Gene therapy often pairs with cell therapy. Clinicians collect a patient’s cells, modify them in the lab to correct a mutation or insert a healthy gene, and then return them to the patient. This “ex vivo gene therapy” includes CAR‑T cells for cancer and gene‑modified blood stem cells for disorders like severe combined immunodeficiency and sickle cell disease. Many patients have already seen significant improvement or even cures from these approaches.

Currently, how can the outcome of CIRM stem cell medicine projects and clinical trials be soundly interpreted when their stem cell-specific doses are not known?

Dr. Stephen Lin:  Stem cell therapies must submit extensive data to the FDA before starting clinical trials. This includes animal studies showing the therapy works and identifying effective dose levels. Researchers use these data to estimate safe and potentially therapeutic doses for human trials. CIRM funds early‑stage studies to generate this information and prepare therapies for clinical testing.
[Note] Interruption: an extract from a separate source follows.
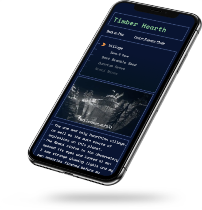 Setting it up would be easy – you’d enter a code into the app, displayed on screen in the game on the Ship Log computer. This unique identifier sets up a sync, which means that from then on, your Ship Log in game and the one on your phone are kept up to date with each other. A seamless experience where uncovering a new location in the game, is immediately reflected on the app (okay, maybe a slight delay while the information gets sent over the internet, but you know what I mean).
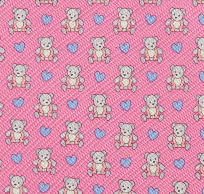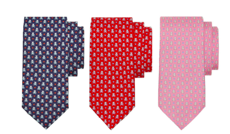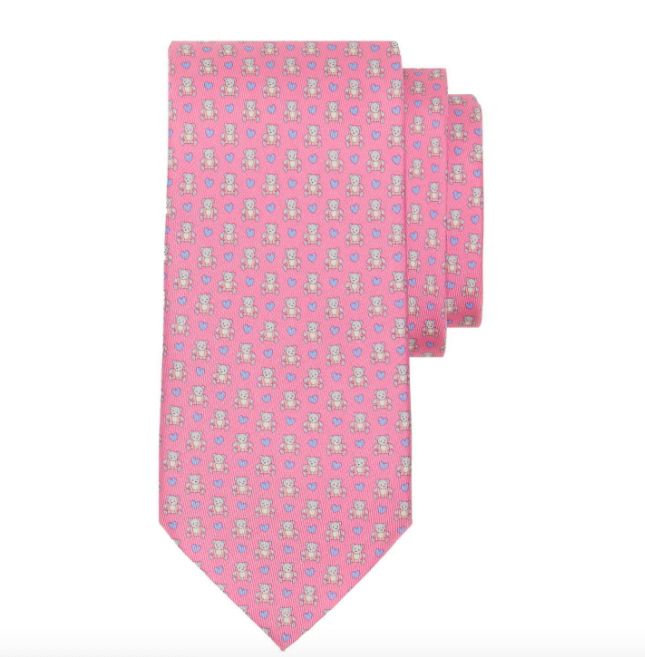 菲拉格慕情人节男士系列中最推荐的是一款桑蚕丝领带饰有Gancios泰迪熊和爱心组成的几何图案,活泼可爱,尽显灵动意趣!是情人节示爱佳礼,给传统的领带样式增加潮酷气质,也可为男士单调的商务造型增添一丝浪漫气息。图案中泰迪熊之间放置了一个心形图案,图案设计十分迷你,不失男士的低调沉稳,成年男性也能轻松驾驭。

Clinical trials often test multiple doses to find the one that works best. Dosing cell therapies is challenging because survival, engraftment, and immune rejection can affect how many cells ultimately take hold. CIRM supports studies designed to address these issues and provide the best possible dose estimates.

Is there any research on using stem cells to increase the length of long bones in people?

Dr. Kelly Shepard: There is quite a lot of ongoing research seeking ways to repair bones with stem cell based approaches, which is not the same but somewhat related. Much of this is geared towards repairing the types of bone injuries that do not heal well naturally on their own (large gaps, dead bone lesions, degenerative bone conditions). Also, a lot of this research involves engineering bone tissues in the lab and introducing the engineered tissue into a bone lesion that need be repaired. What occurs naturally at the growth plate is a complex interaction between many different cell types, much of which we do not fully understand. We do not fully understand how to use the cells that are used to engineer bone tissue in the lab. However, a group at Stanford, with some CIRM support, recently discovered a “skeletal stem cell” that exists naturally at the ends of human bones and at sites of fracture.  These are quite different than MSCs and offer a new path to be explored for repairing and generating bone.